Activity: Reproduce the whole listing exactly and let no picture into the copy.

━━━ Data ━━━

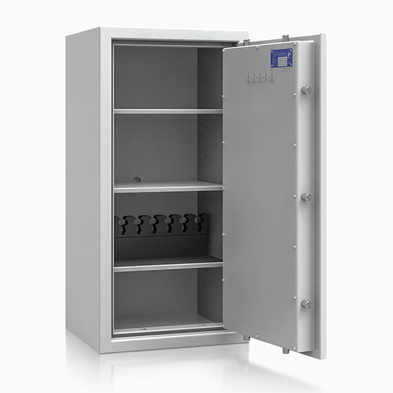 Przestawne półki umożliwiają samodzielne konfigurowanie wnętrza sejfu, który dzięki I klasie odporności na włamanie może być przeznaczony również
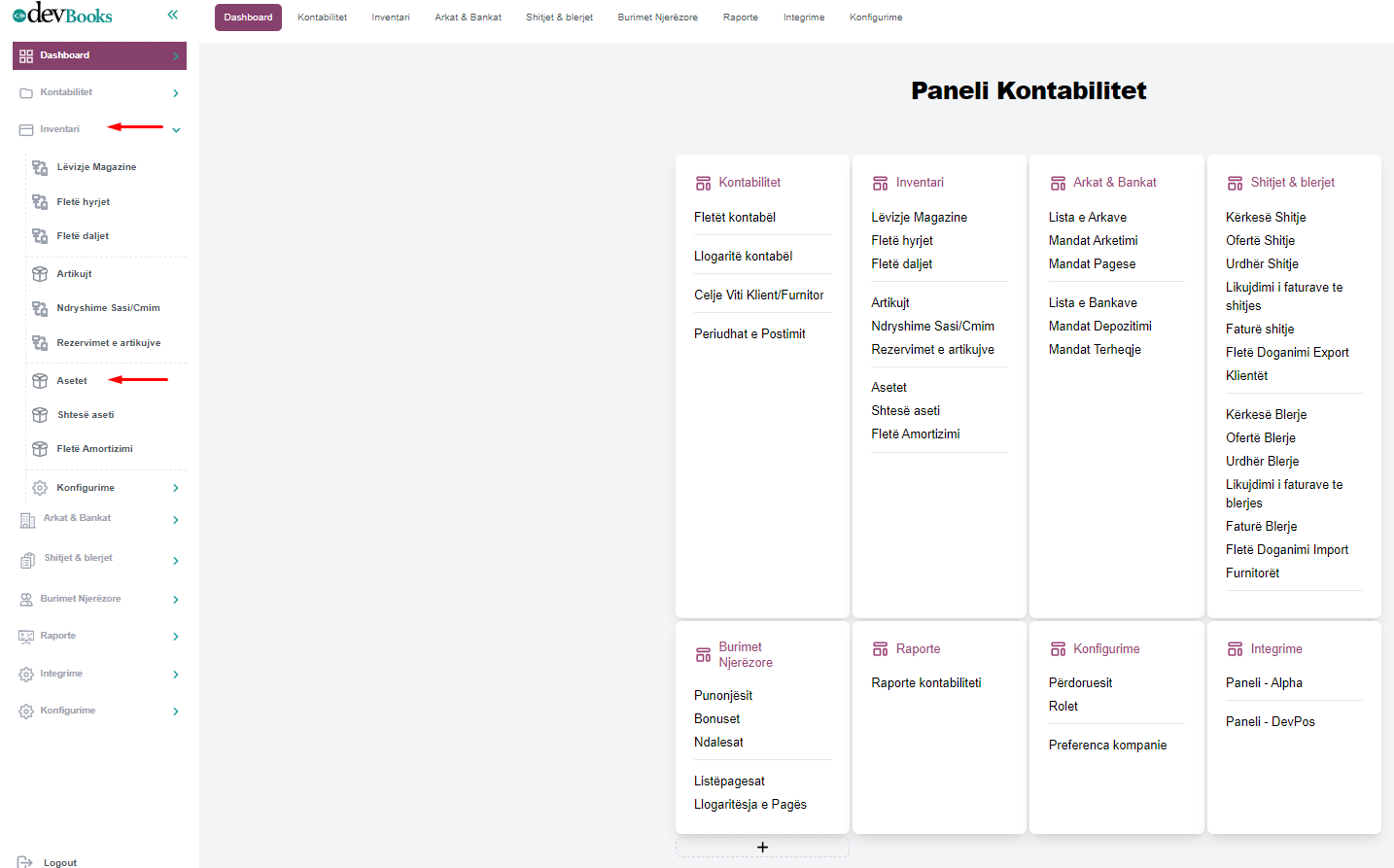 Për të shtuar një aset të ri klikoni në menunë inventari, përzgjidhni dhe klikoni nën menunë Asetet.
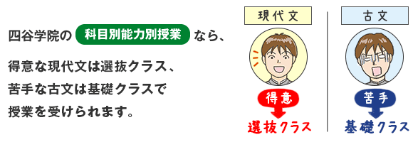 四谷学院のクラス授業は「科目」ごとにレベルチェックした上でクラス編成しています。
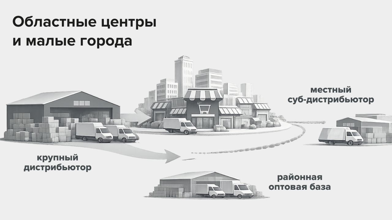 Фактически рынок делится на два слоя. Первый — мегаполисы с высокой долей modern trade, централизованными распределительными центрами и жёсткими требованиями к SLA. Второй — регионы, где традиционная розница и мелкий опт остаются системообразующими каналами, а суб-дистрибуция играет важную роль.
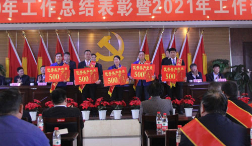 優秀經銷商上臺領獎 會議對先進個人、先進集體、勞動模范及優秀經銷商進行了表彰獎勵。先進典型代表分別發表了獲獎感言。集團分管領導及各分公司負責人就如何做好2021年的工作作了表態發言。
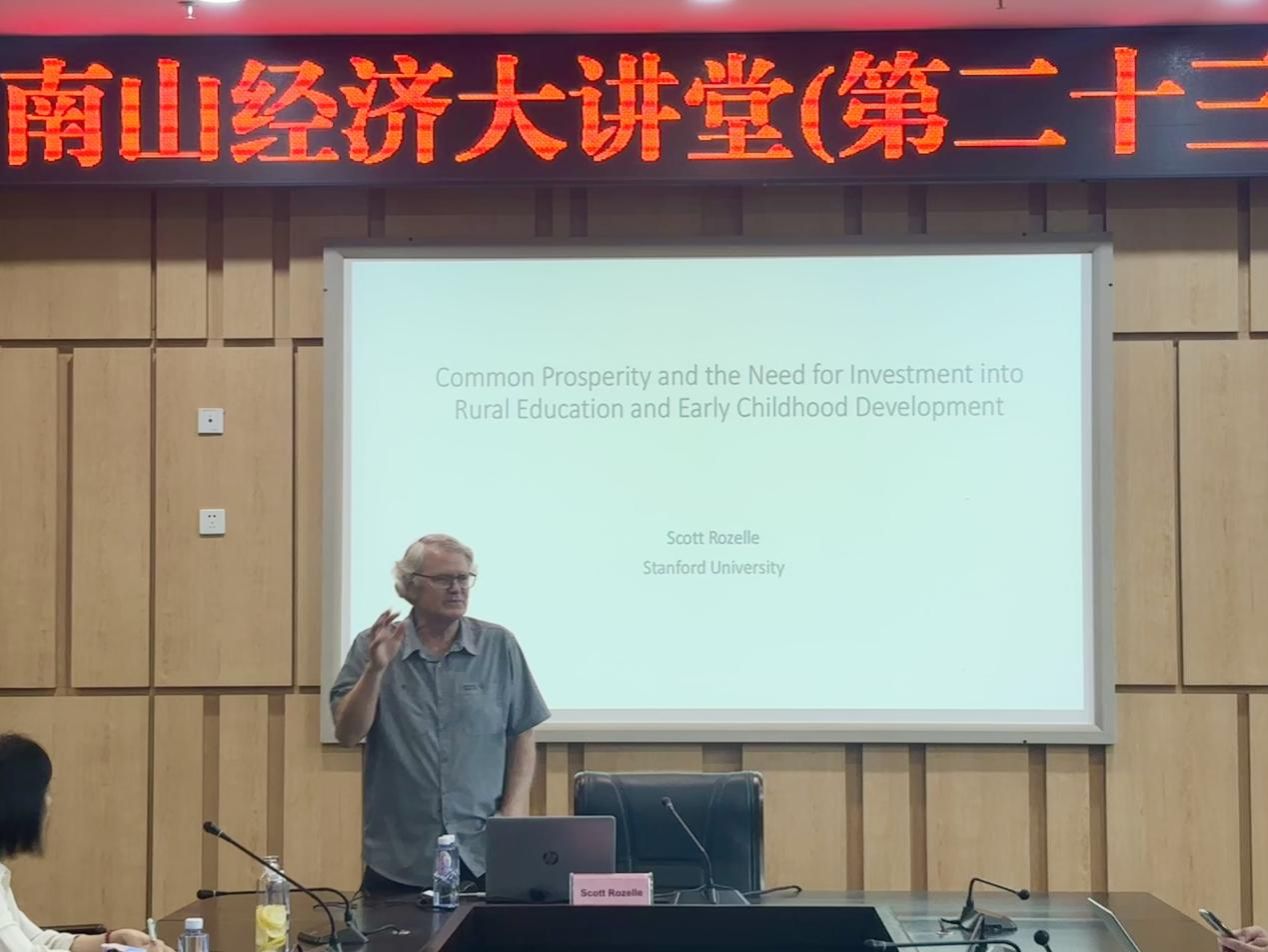 4月21日下午,南山经济大讲堂第二十三讲在新图书馆会议中心第五会议室顺利举行,斯坦福大学Scott Rozelle教授应邀来校作Common Prosperity and the Need for Investment into Rural Education And Early Childhood Development专题讲座。本次讲座由太阳成集团tyc539院长宋瑛主持,太阳成集团tyc539、成渝地区双城经济圈建设研究院部分师生参加了此次讲座。
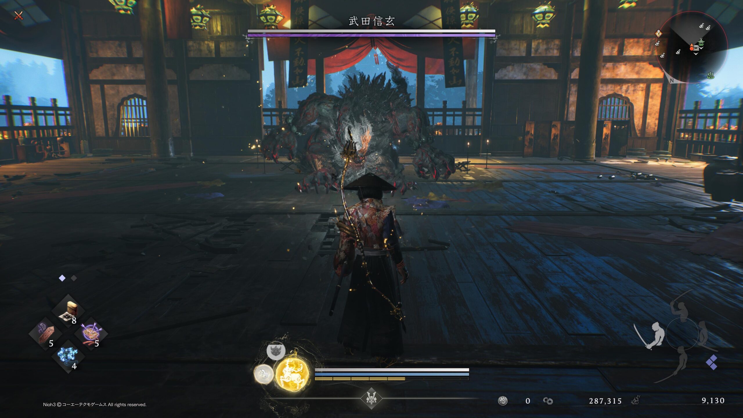 信玄も温泉入って養生札貼って斧でぐるぐるしてたら倒せたわ
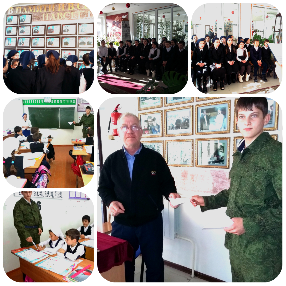 09.12.2016В целях формирования идеалов самоотверженного и бескорыстного служения Отечеству в нашей школе были проведены ряд мероприятий приуроченных Дню Героев Отечества: классные часы; уроки мужества и трудового героизма; конкурс сочинений «Они защищали Родину!»; Круглый стол: «Герой 21 века, кто он?» и т.д.
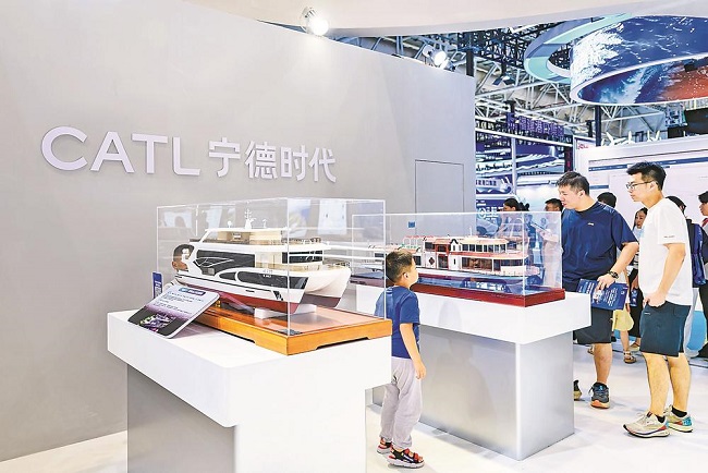 2025第三届中国海洋装备博览会上,宁德时代展出多款电动船舶模型。(本报记者 施辰静 摄)
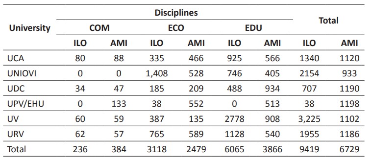 As for ILO, 33.6% (1981) are assessed as authentic, to the extent that their definitions are focused on the action and the professional context. This produces an authenticity average of 4.01 (on a scale from 1 to 5), ranging between an average of 3.81 from UNIOVI and 4.77 from the UDC, and 3.97 from Education compared to 4.26 from Communication.
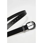 100% POLYURETAN. Tento černý dámský pásek vyrobený z ekokůže přitahuje pozornost svým minimalistickým designem a elegantním provedením. Jeho hladký povrch a absence vzoru z něj činí perfektní doplněk moderního stylu, zatímco ozdobná stříbrná přezka a poutko dodávají každému outfitu jedinečný nádech. Tento pásek je ideální jak pro formální příležitosti, tak pro každodenní nošení – do práce, na rande nebo na večerní vycházku. Perfektně se hodí ke klasickým džínům, elegantním kalhotám, jednoduchým šatům a sukním. Je to skvělá volba pro ženy, které si cení decentní elegance a všestranných doplňků šatníku.
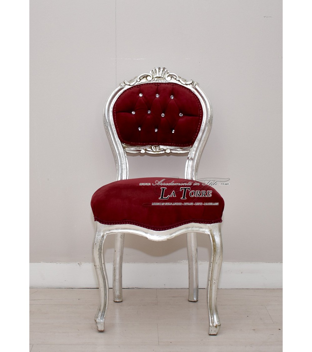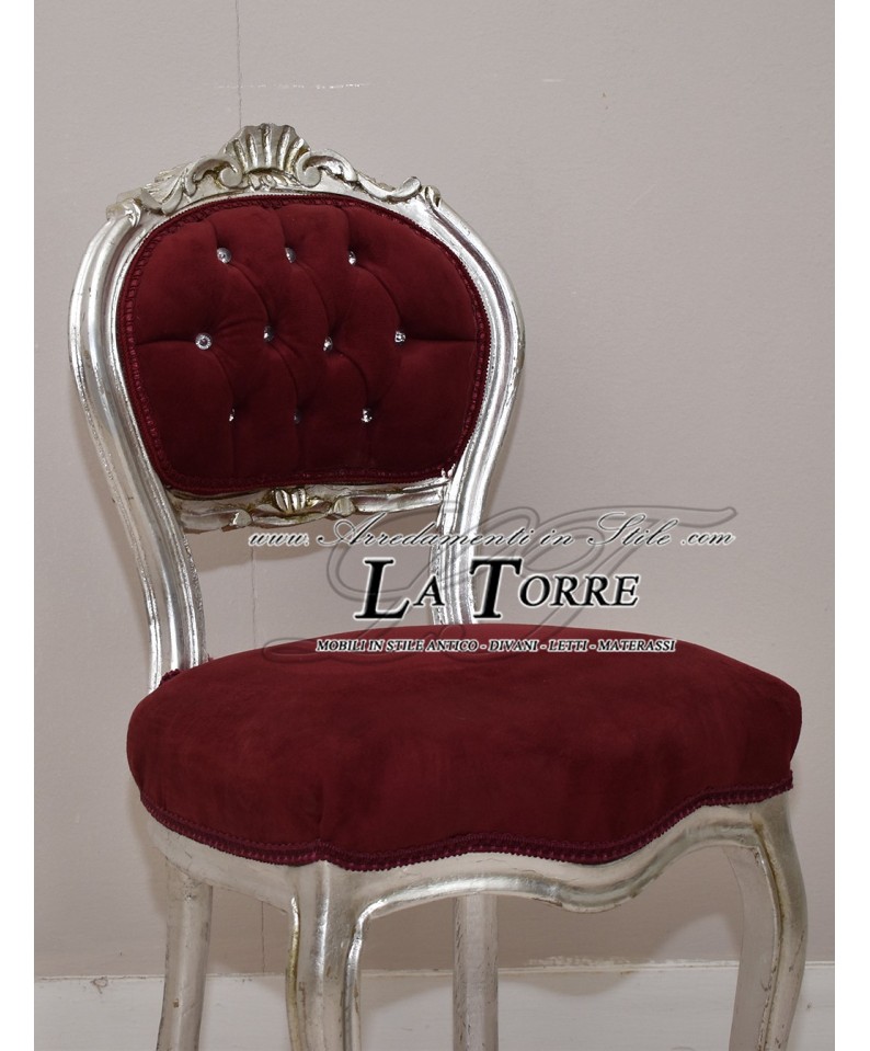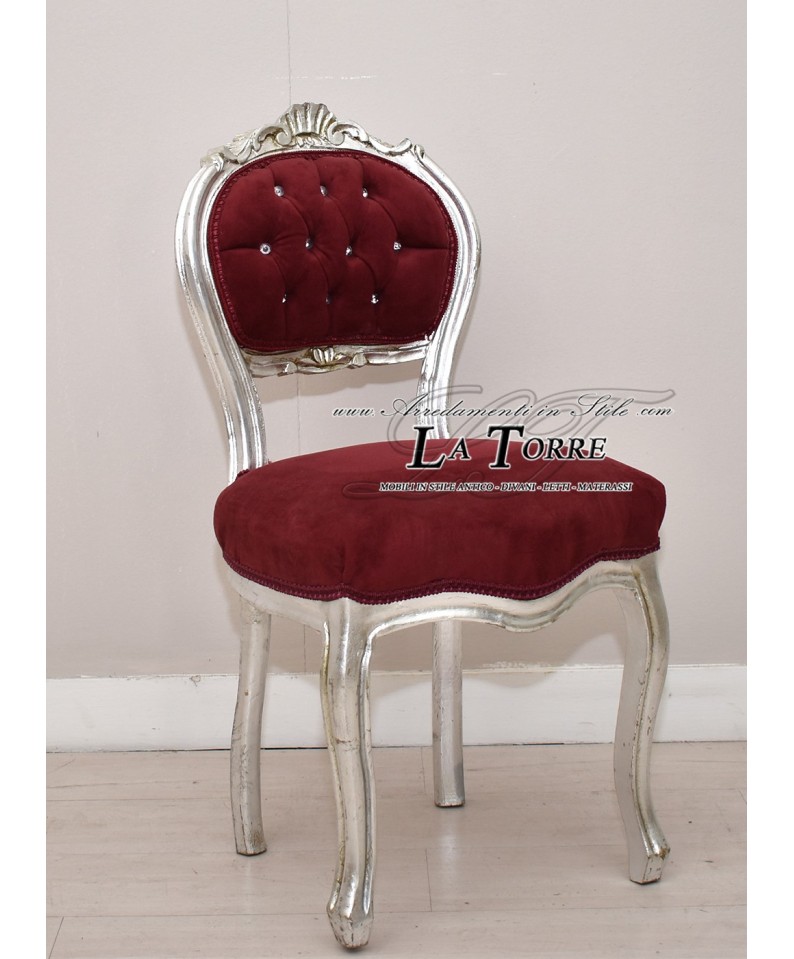 Louis XV chair music chair solid wood silver leaf red velvet k90

━━━

Task output:
 Przestawne półki umożliwiają samodzielne konfigurowanie wnętrza sejfu, który dzięki I klasie odporności na włamanie może być przeznaczony również
 Për të shtuar një aset të ri klikoni në menunë inventari, përzgjidhni dhe klikoni nën menunë Asetet.
 四谷学院のクラス授業は「科目」ごとにレベルチェックした上でクラス編成しています。
 Фактически рынок делится на два слоя. Первый — мегаполисы с высокой долей modern trade, централизованными распределительными центрами и жёсткими требованиями к SLA. Второй — регионы, где традиционная розница и мелкий опт остаются системообразующими каналами, а суб-дистрибуция играет важную роль.
 優秀經銷商上臺領獎 會議對先進個人、先進集體、勞動模范及優秀經銷商進行了表彰獎勵。先進典型代表分別發表了獲獎感言。集團分管領導及各分公司負責人就如何做好2021年的工作作了表態發言。
 4月21日下午,南山经济大讲堂第二十三讲在新图书馆会议中心第五会议室顺利举行,斯坦福大学Scott Rozelle教授应邀来校作Common Prosperity and the Need for Investment into Rural Education And Early Childhood Development专题讲座。本次讲座由太阳成集团tyc539院长宋瑛主持,太阳成集团tyc539、成渝地区双城经济圈建设研究院部分师生参加了此次讲座。
 信玄も温泉入って養生札貼って斧でぐるぐるしてたら倒せたわ
 09.12.2016В целях формирования идеалов самоотверженного и бескорыстного служения Отечеству в нашей школе были проведены ряд мероприятий приуроченных Дню Героев Отечества: классные часы; уроки мужества и трудового героизма; конкурс сочинений «Они защищали Родину!»; Круглый стол: «Герой 21 века, кто он?» и т.д.
 2025第三届中国海洋装备博览会上,宁德时代展出多款电动船舶模型。(本报记者 施辰静 摄)
 As for ILO, 33.6% (1981) are assessed as authentic, to the extent that their definitions are focused on the action and the professional context. This produces an authenticity average of 4.01 (on a scale from 1 to 5), ranging between an average of 3.81 from UNIOVI and 4.77 from the UDC, and 3.97 from Education compared to 4.26 from Communication.
 100% POLYURETAN. Tento černý dámský pásek vyrobený z ekokůže přitahuje pozornost svým minimalistickým designem a elegantním provedením. Jeho hladký povrch a absence vzoru z něj činí perfektní doplněk moderního stylu, zatímco ozdobná stříbrná přezka a poutko dodávají každému outfitu jedinečný nádech. Tento pásek je ideální jak pro formální příležitosti, tak pro každodenní nošení – do práce, na rande nebo na večerní vycházku. Perfektně se hodí ke klasickým džínům, elegantním kalhotám, jednoduchým šatům a sukním. Je to skvělá volba pro ženy, které si cení decentní elegance a všestranných doplňků šatníku.
 Louis XV chair music chair solid wood silver leaf red velvet k90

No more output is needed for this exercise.